WATCH: McIlroy Plays Incredible Pitch And Run Up Cart Path

Rory McIlroy plays a shot off the cart path on the 10th hole at Quail Hollow Club during the 2017 PGA Championship. (Photo credit: Streeter Lecka/Getty Images)

CHARLOTTE, NORTH CAROLINA – Seve’s famous escape from a bunker during the 1983 Ryder Cup? The shot he played with a 3 wood scarcely touching any sand on the 18th hole of his match against Fuzzy Zoeller? I saw that. I was standing right behind it, perhaps 50 feet away, and the hairs on the back of my neck stood up when Nick De Paul, Seve’s caddie, handed him a 3 wood.

Tiger’s chip in on the 16th at Augusta in 2005? Saw that too, though this time via television. I remember clearly how the TV camera swooped in on his ball, showing clearly the Nike logo, before it fell into the hole.


Mickelson’s 6 iron from between the trees on the 13th at Augusta in 2010? Watched that on television. In commentary, Sir Nick Faldo called it the shot of Mickelson’s life. I saw – again on TV – Bubba Watson’s recovery shot from among trees to the right of the 10th hole in the playoff in 2013. And talking of playoffs, I was there, deep in the crowd, when Larry Mize chipped in on the 11th green to snatch the 1987 Masters from Greg Norman.

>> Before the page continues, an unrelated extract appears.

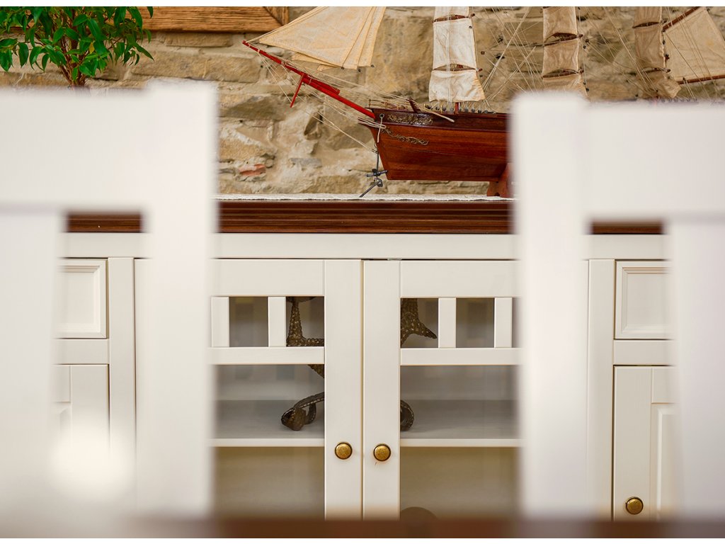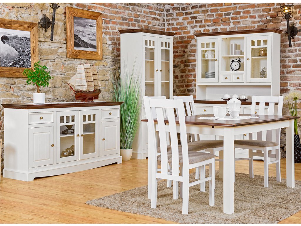 Prosklená komoda z masivu borovice, která okouzlí každého. Disponuje velkým úložným prostorem, který umožňuje vystavovat předměty, ale také schovat to, co nemá být oku viditelné.

But I didn’t see Rory McIlroy’s 80-yard pitch and run up a cart path to get his par on the 10th hole at Quail Hollow at the start of his second round in the 2017 PGA. It didn’t win him a tournament but it earned the shot a place in the pantheon of extraordinary golf shots.

After a long but rather wild second shot, McIlroy was green-high at the bottom of a hill adjoining a cart path in a scruffy lie. He couldn’t go over the trees because he was too close to them. Rather like Jordan Spieth on the 13th at Birkdale during this year’s Open – who saw an escape route that no one else did – McIlroy was not fazed.

He decided he would hit his ball up the cart path and hope it would bobble to somewhere near the green.

For an ordinary golfer, such a gamble certainly would not have come off but when you can hit the ball as straight as McIlroy, such antics are not beyond you. Using a 6 iron he fashioned a low shot that did indeed make its way up towards the green – bounce, bounce, bounce – through a bunker and ended on the edge of the putting surface. A chip and putt later and McIlroy nonchalantly walked off the green muttering: “Just an ordinary par.”

I am often asked how good the best players are. These shots are as articulate an answer as it is possible to give. The golfers who hit them are not just good or very good. They are truly exceptional.